This is my implementation of the Langton’s ant problem. It’s one of the Project Euler problems.(https://projecteuler.net/problem=349).

Problem statement:

An ant moves on a regular grid of squares that are coloured either black or white.

The ant is always oriented in one of the cardinal directions (left, right, up or down) and moves from square to adjacent square according to the following rules:

– if it is on a black square, it flips the color of the square to white, rotates 90 degrees counterclockwise and moves forward one square.

– if it is on a white square, it flips the color of the square to black, rotates 90 degrees clockwise and moves forward one square.

Starting with a grid that is entirely white, how many squares are black after 10^{18} moves of the ant?

My solution:

I tried to solve this problem by brute forcing, but this approach won’t work, because you need to much memory just for 10^8 steps and it will too long to get the result.

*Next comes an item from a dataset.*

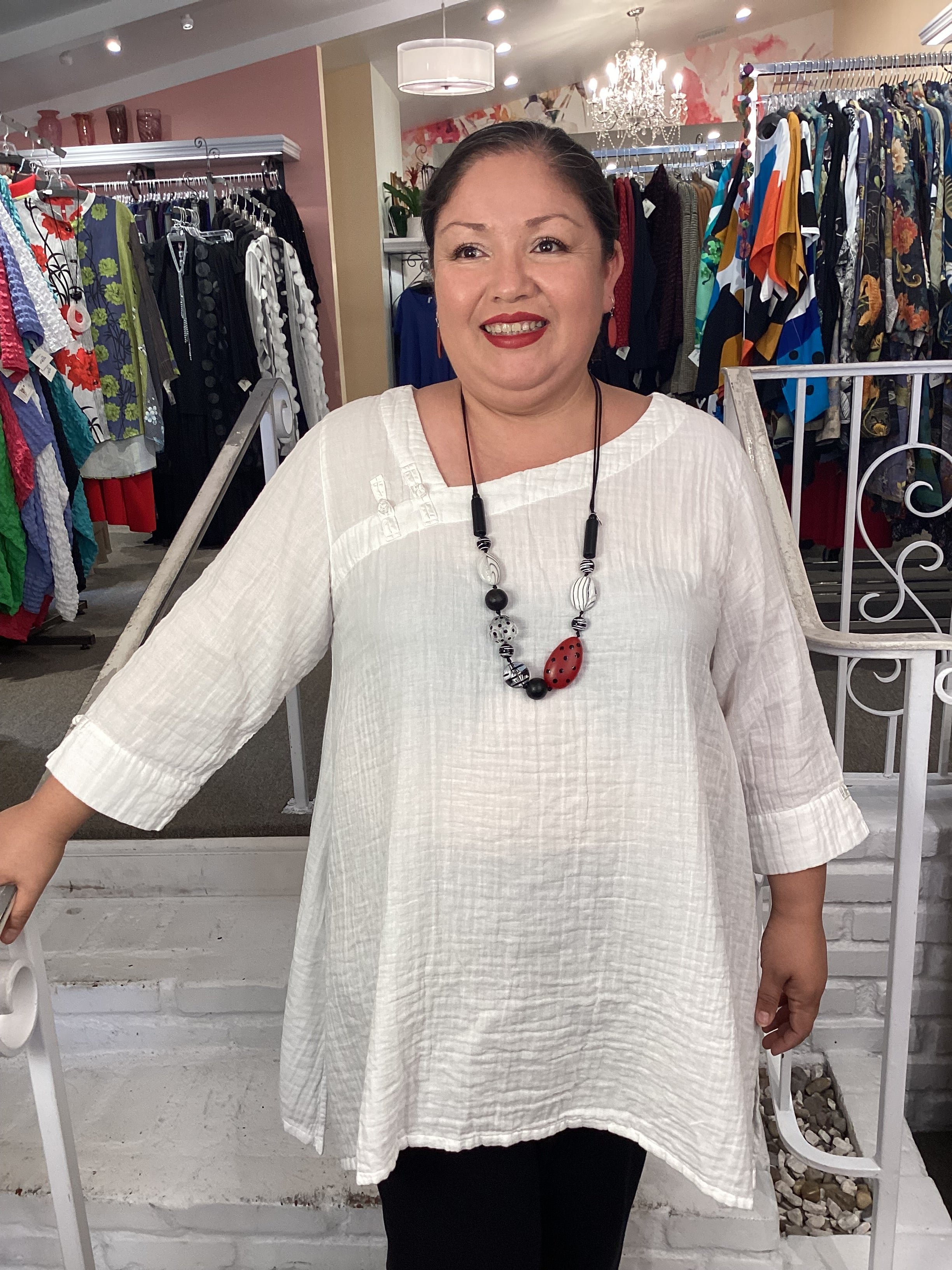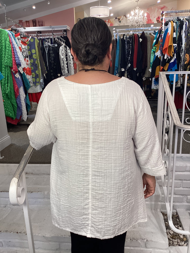 Expertly crafted from soft cotton, the FROG GAUZE TUNIC in offers a comfortable and versatile option for any wardrobe. With a unique symmetric neckline and 3/4 sleeves, this tunic also features side slits for added style and ease of movement. Perfect for any occasion.

I observed that after around step 10000 the ant enters the so called highway, meaning it’s steps will be repeated every 104 steps, also this 104 steps will yield 12 black dots. Meaning that we can simply do this (10^18 – 10000)/104 * 12 . This should yield the correct answer, but this is slightly wrong. Because the final step (which is 10^18) may not be perfectly divisible by 104((10^18 – 10000)%104 != 0 in most of the cases). Therefore we need more accurate calculation. For this I decided to count how many black dots are there until step 10000 then divide the remaing steps by 104. First 10000 yields 720 black dots and the remainging we can calculate, however there will be some left over of steps for them we need to resume the calculation from the place where it stop at step 10000.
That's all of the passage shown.